■ Your goal
Without copying any picture, transcribe exactly the lines of the data below from the one containing "ЧП произошло на" through the one containing "Kit Teclado Musical".

■ Materials provided
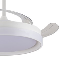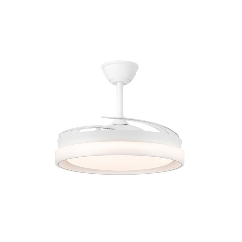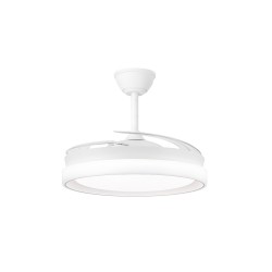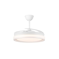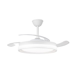 Ventilateur silencieux pour chambres à coucher. Ventilateur blanc à pales rétractables spécialement conçu pour les chambres et les salons. Son moteur à courant continu à six vitesses émet un bruit minimal lorsque le ventilateur fonctionne. Il est doté d'un éclairage LED à économie d'énergie et peut être facilement réglé à l'aide de la télécommande. Fonction d'inversion hiver-été, minuterie et mémoire des couleurs. Ventilateur silencieux avec pales rétractables.
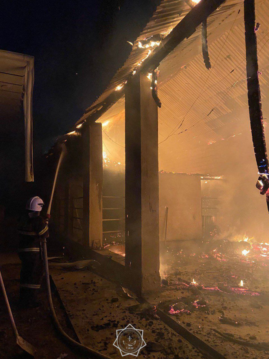 ЧП произошло на территории одного из частных жилых домов в селе Айтеке би. Загорелись три тонны складированного сена и хозпостройка.
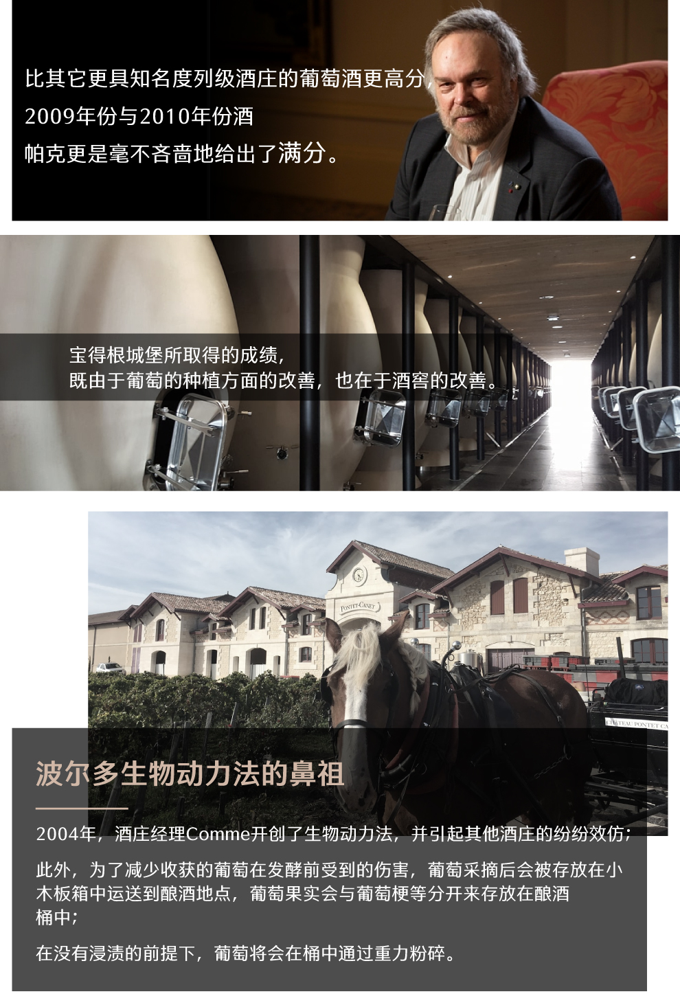 在过去的十年里, Pontet-Canet葡萄酒可说是最热门的波尔多红酒之一。葡萄酒权威Robert Parker与Wine Spectator都持续给予这支酒95分以上的肯定,比其它更具知名度列级酒庄的葡萄酒更高分。2009与2010帕克更是毫不吝啬地给出了满分。
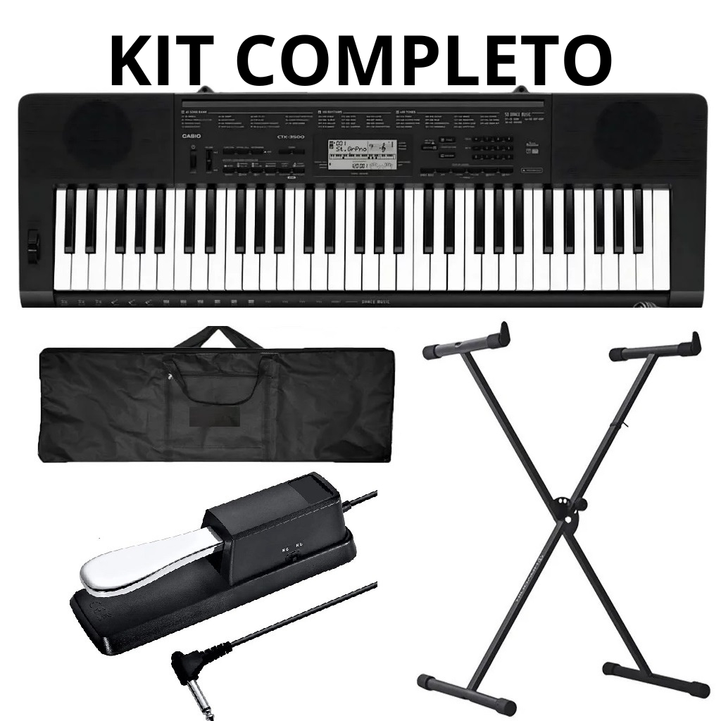Kit Teclado Musical Casio Profissional Ctk3500 + Capa+ Suporte X+ Pedal Sustain
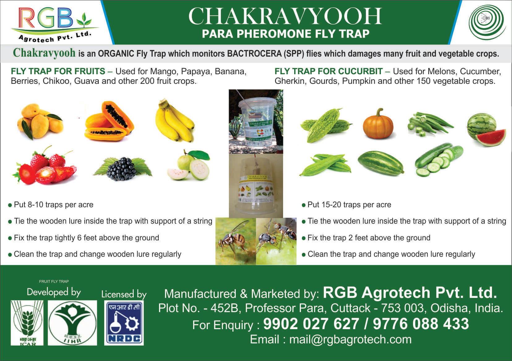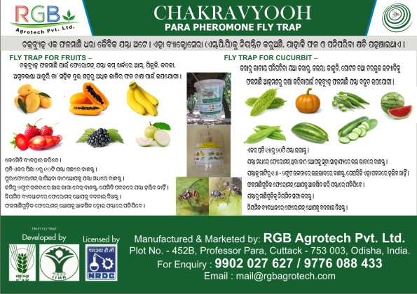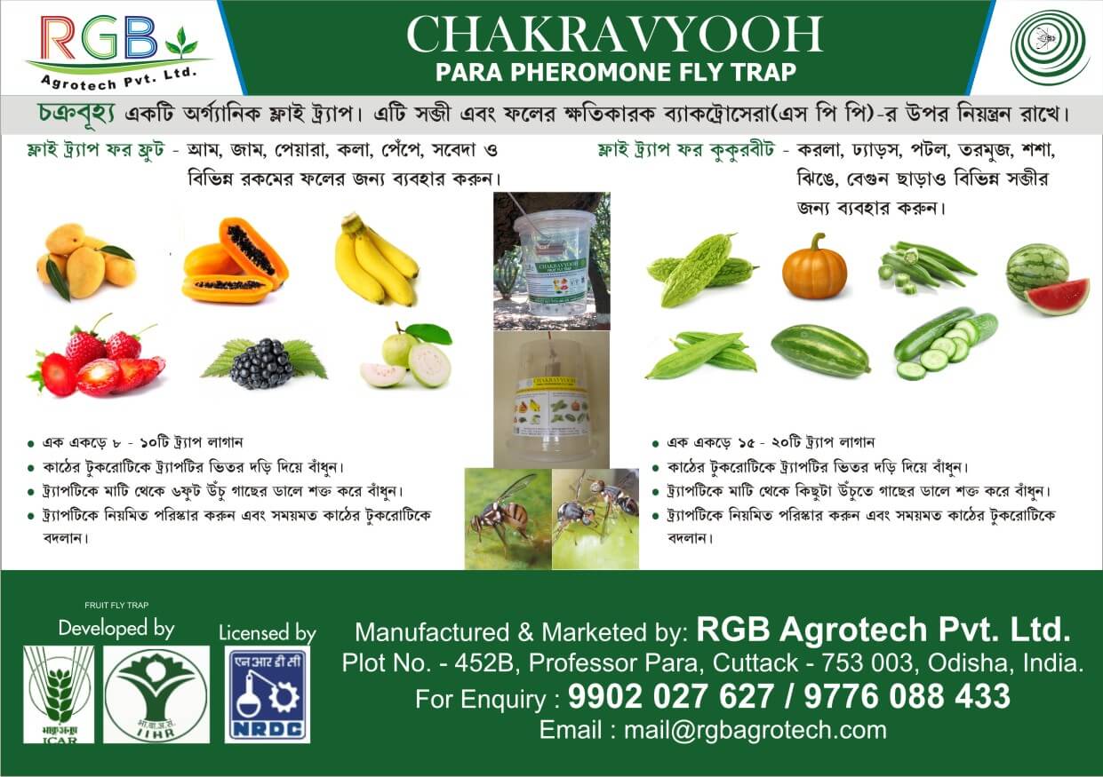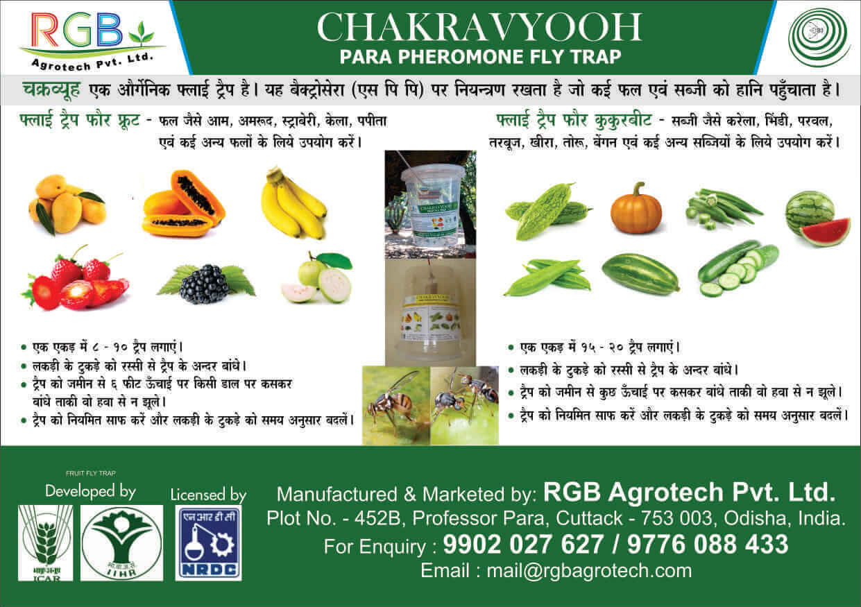 An non toxic plastic box are made. A wooden lure with special chemical applied on it is placed inside the box. The chemical attracts over 95% of MALE flies. 15 -20 such traps are required to be placed strategically in 1 acre of land.
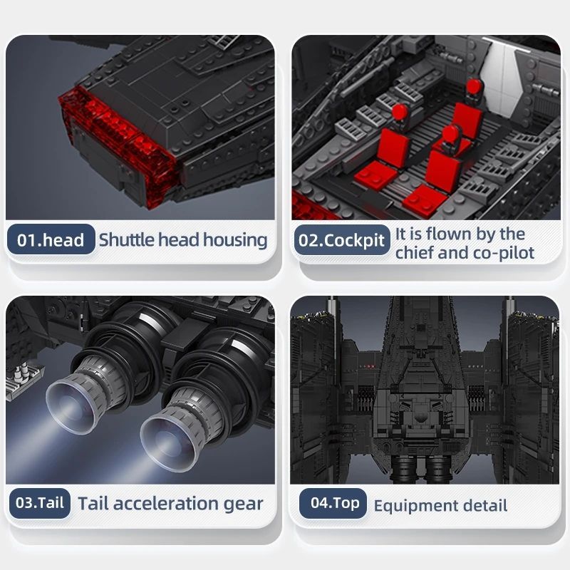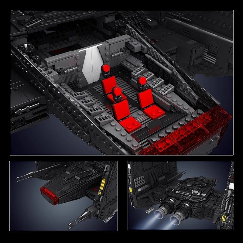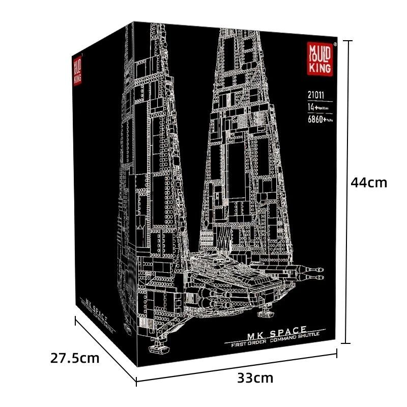 Описание: ЗаголовокКонструктор Mould King 21011 Шаттл Кайло Рена, 6860 деталей /MK SPACE принадлежит к разделу «Звездные Войны», к категории «Звездолеты».Разыграйте космические приключения с набором «Шаттл Кайло Рена». Сборная модель личного транспортного корабля Верховного Лидера из фильма «Звездные войны: Скайуокер. Восход» содержит множество деталей, которые приведут детей и коллекционеров в восторг: вращающийся правый двигатель для складывания крыльев при посадке и возможность уменьшить крылья, сложив их верхнюю часть. А еще на корабле есть открывающийся пандус, 2 пушки с пружинным механизмом и кабинка.
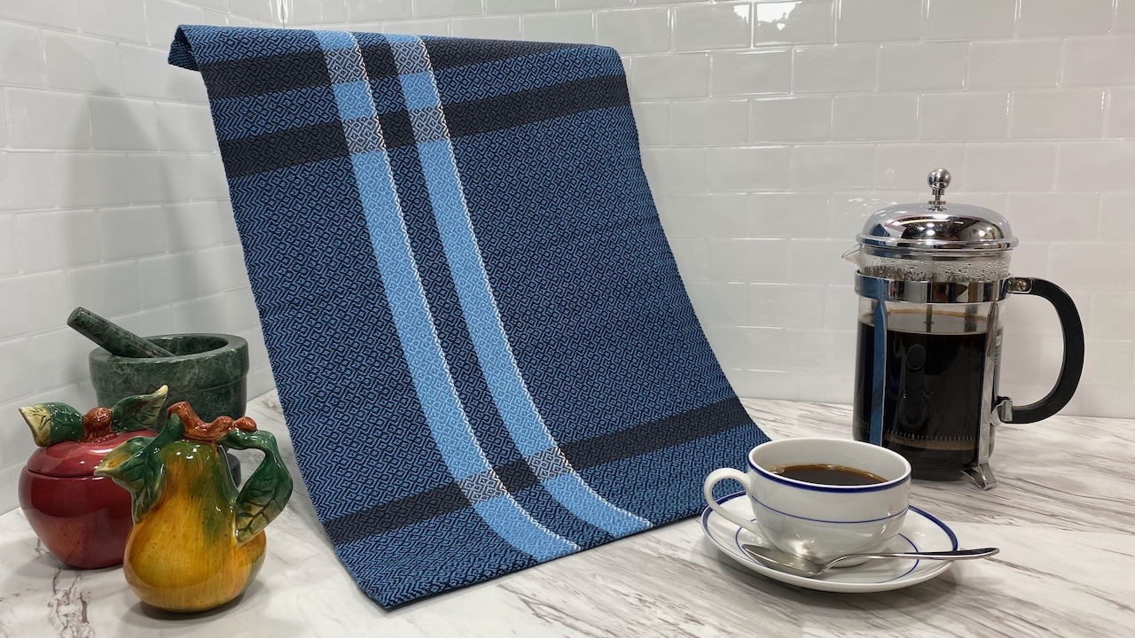 This kitchen towel features the weaving pattern called Wall of Troy. When I first saw this pattern I instantly thought of Helen of Troy from Greek mythology. The repeating square shapes of the design certainly look like something that would be found on ancient Greek pottery. Helen of Troy was known to be a weaver. This blog post “HELEN OF TROY: WORLD-RENOWNED WEAVER – AND, I HEAR, KINDA PRETTY!” about Helen of Troy and weaving in Ancient Greece is fascinating!
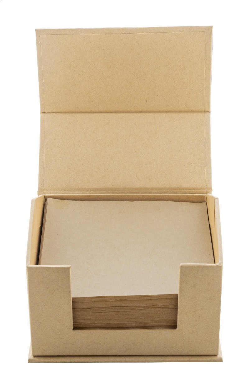 Dispenser de bilețele, în formă de casă, din carton reciclat, cu bloc de notițe din hârtie kraft reciclată, cu o capacitate de 300 de coli. Include 25 de bilețele autoadezive galbene și 100 de markere (în 4 culori) în partea de sus.
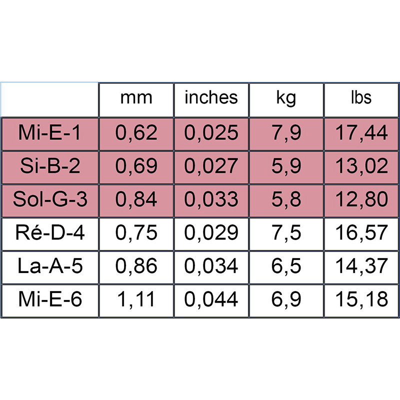GALLI STRINGS® CLASSIC HARD TENSION Les cordes LA GALLI sont composées d'un monofilament de nylon cristal pour les aigus et d'un filetage en cuivre plaqué argent multifilament pour les basses. Un son homogène et puissant et une intonation parfaite pour une performance maximale! .029 - .033 - .041 - .030 - .038 - .045

■ Task result
 ЧП произошло на территории одного из частных жилых домов в селе Айтеке би. Загорелись три тонны складированного сена и хозпостройка.
 在过去的十年里, Pontet-Canet葡萄酒可说是最热门的波尔多红酒之一。葡萄酒权威Robert Parker与Wine Spectator都持续给予这支酒95分以上的肯定,比其它更具知名度列级酒庄的葡萄酒更高分。2009与2010帕克更是毫不吝啬地给出了满分。
Kit Teclado Musical Casio Profissional Ctk3500 + Capa+ Suporte X+ Pedal Sustain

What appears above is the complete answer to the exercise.